"""

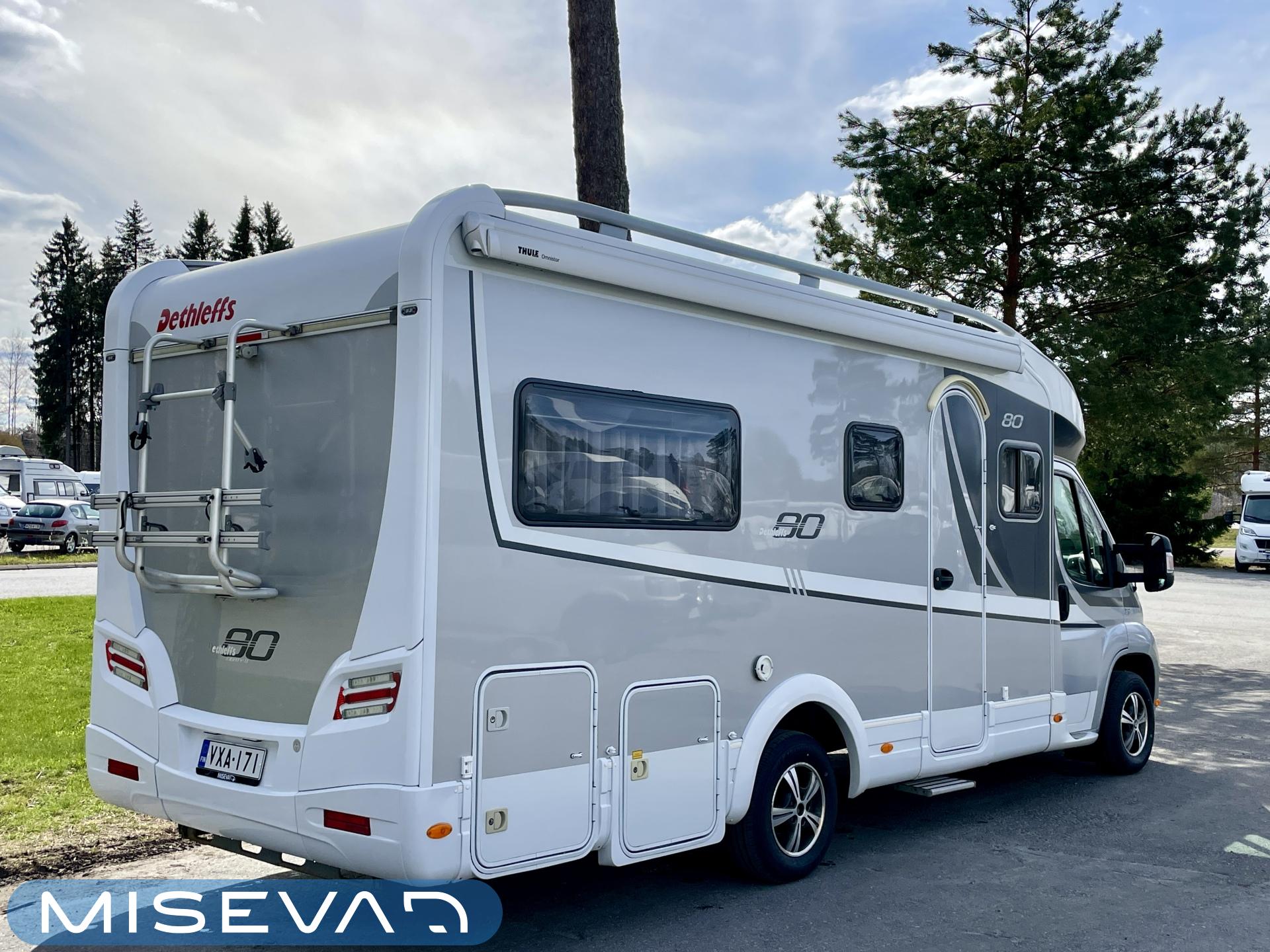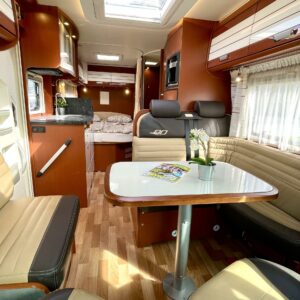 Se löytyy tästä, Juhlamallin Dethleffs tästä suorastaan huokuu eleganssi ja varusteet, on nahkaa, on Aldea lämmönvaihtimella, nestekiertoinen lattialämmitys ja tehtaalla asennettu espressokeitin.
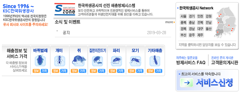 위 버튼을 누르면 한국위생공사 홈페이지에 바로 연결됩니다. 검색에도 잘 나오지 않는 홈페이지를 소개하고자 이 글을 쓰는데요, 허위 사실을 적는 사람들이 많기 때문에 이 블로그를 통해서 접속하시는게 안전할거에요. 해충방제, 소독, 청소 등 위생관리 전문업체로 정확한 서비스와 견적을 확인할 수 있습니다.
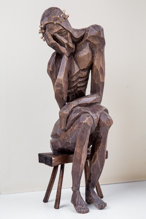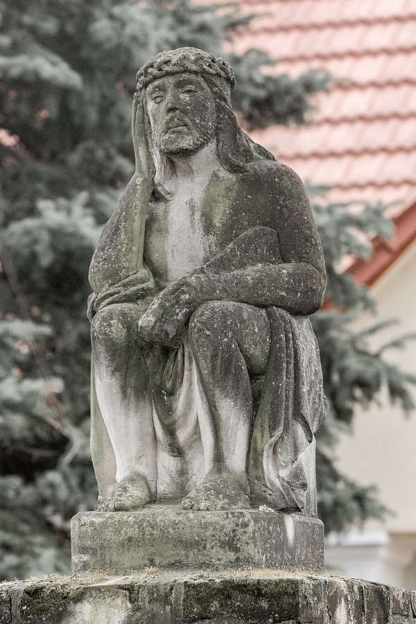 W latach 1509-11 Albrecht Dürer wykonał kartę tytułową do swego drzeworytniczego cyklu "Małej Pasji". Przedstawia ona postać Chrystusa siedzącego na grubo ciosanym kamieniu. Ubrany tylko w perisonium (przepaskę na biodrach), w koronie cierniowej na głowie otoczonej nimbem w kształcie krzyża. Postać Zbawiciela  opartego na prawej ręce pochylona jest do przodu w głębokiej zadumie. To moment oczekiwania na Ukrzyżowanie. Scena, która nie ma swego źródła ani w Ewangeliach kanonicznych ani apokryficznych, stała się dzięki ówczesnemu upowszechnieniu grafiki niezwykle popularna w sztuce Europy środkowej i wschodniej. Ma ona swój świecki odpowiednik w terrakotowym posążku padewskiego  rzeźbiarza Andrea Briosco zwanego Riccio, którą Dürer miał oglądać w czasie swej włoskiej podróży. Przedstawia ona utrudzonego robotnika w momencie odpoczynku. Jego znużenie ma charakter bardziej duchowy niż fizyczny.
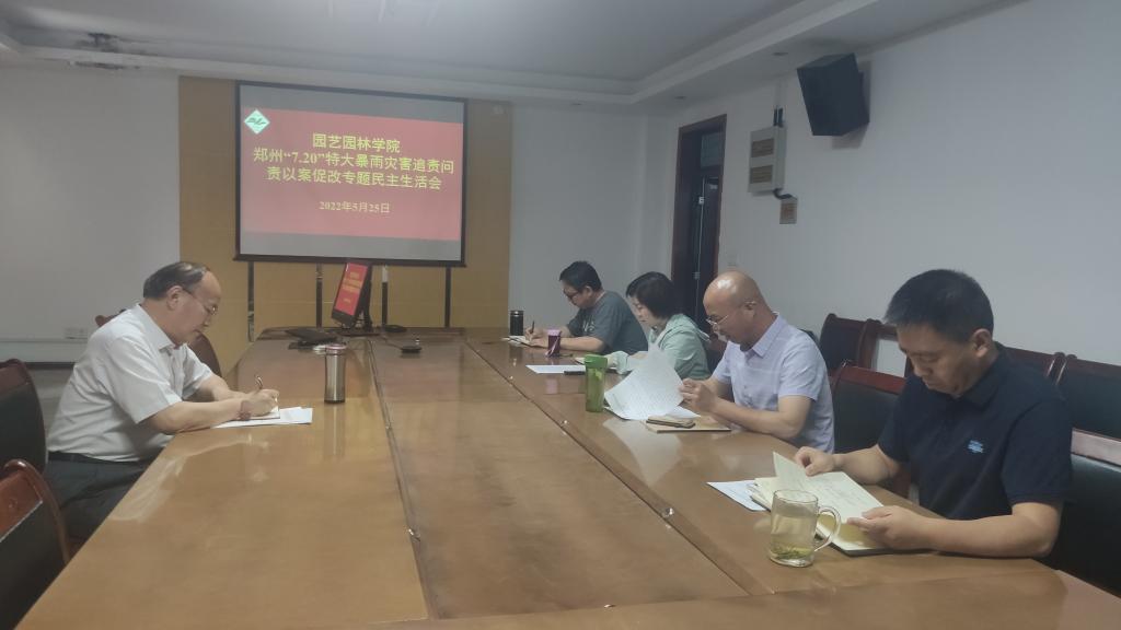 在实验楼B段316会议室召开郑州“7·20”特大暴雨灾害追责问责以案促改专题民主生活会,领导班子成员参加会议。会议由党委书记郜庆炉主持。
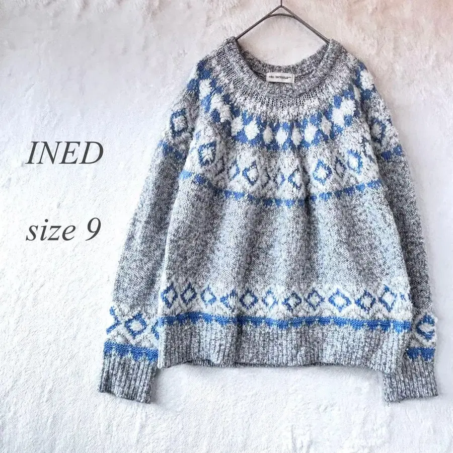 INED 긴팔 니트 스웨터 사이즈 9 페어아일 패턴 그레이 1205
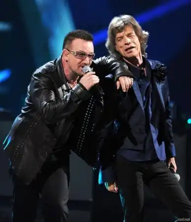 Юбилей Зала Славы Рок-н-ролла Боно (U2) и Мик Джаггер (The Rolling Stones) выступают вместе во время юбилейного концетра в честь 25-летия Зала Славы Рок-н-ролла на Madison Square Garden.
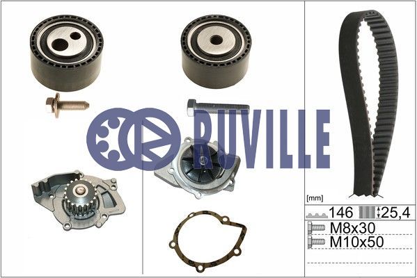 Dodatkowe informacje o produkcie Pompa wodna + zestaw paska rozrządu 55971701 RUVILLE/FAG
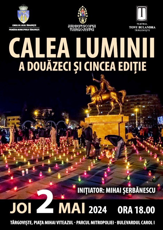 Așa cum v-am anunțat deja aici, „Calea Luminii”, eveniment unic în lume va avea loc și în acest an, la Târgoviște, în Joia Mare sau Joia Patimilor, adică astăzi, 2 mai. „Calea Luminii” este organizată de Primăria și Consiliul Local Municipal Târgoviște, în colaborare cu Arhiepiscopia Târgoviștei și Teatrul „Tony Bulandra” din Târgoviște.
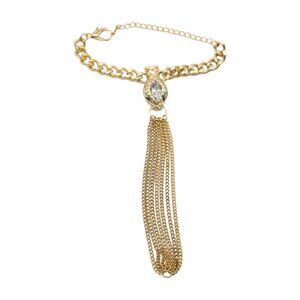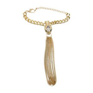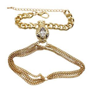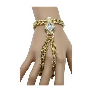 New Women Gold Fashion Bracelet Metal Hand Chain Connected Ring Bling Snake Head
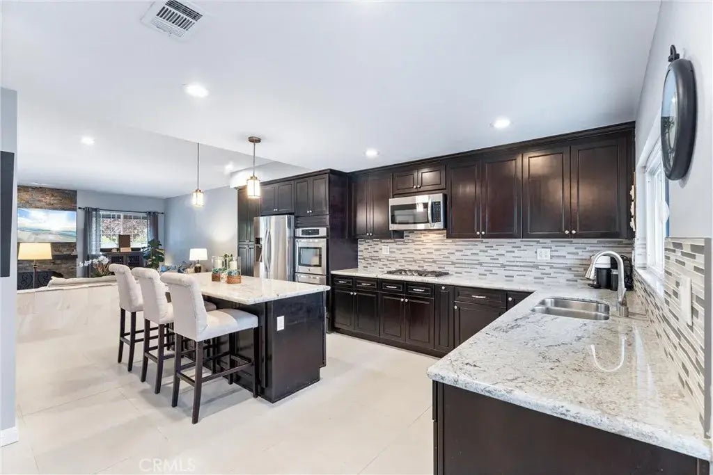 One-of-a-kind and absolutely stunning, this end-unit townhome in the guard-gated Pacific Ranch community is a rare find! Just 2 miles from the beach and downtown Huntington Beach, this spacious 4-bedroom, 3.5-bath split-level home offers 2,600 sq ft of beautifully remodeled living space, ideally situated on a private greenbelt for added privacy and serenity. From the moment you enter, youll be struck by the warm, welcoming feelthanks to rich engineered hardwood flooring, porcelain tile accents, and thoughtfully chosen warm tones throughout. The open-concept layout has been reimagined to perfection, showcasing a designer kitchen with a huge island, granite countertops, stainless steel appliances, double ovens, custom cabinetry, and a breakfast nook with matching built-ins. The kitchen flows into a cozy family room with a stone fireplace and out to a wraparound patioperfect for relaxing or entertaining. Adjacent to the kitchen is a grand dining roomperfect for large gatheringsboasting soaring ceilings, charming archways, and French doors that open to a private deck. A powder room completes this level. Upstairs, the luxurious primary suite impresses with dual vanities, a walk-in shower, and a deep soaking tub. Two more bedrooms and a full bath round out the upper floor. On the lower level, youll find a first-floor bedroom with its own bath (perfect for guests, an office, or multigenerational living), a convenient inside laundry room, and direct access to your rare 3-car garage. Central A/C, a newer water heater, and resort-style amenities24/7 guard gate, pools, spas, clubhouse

"""

Task statement —
Each line above that falls between the line with "Юбилей Зала Славы" and the line with "New Women Gold" should be printed exactly, together with those two lines, but the pictures should not.

Answer for the task —
 Юбилей Зала Славы Рок-н-ролла Боно (U2) и Мик Джаггер (The Rolling Stones) выступают вместе во время юбилейного концетра в честь 25-летия Зала Славы Рок-н-ролла на Madison Square Garden.
 Dodatkowe informacje o produkcie Pompa wodna + zestaw paska rozrządu 55971701 RUVILLE/FAG
 Așa cum v-am anunțat deja aici, „Calea Luminii”, eveniment unic în lume va avea loc și în acest an, la Târgoviște, în Joia Mare sau Joia Patimilor, adică astăzi, 2 mai. „Calea Luminii” este organizată de Primăria și Consiliul Local Municipal Târgoviște, în colaborare cu Arhiepiscopia Târgoviștei și Teatrul „Tony Bulandra” din Târgoviște.
 New Women Gold Fashion Bracelet Metal Hand Chain Connected Ring Bling Snake Head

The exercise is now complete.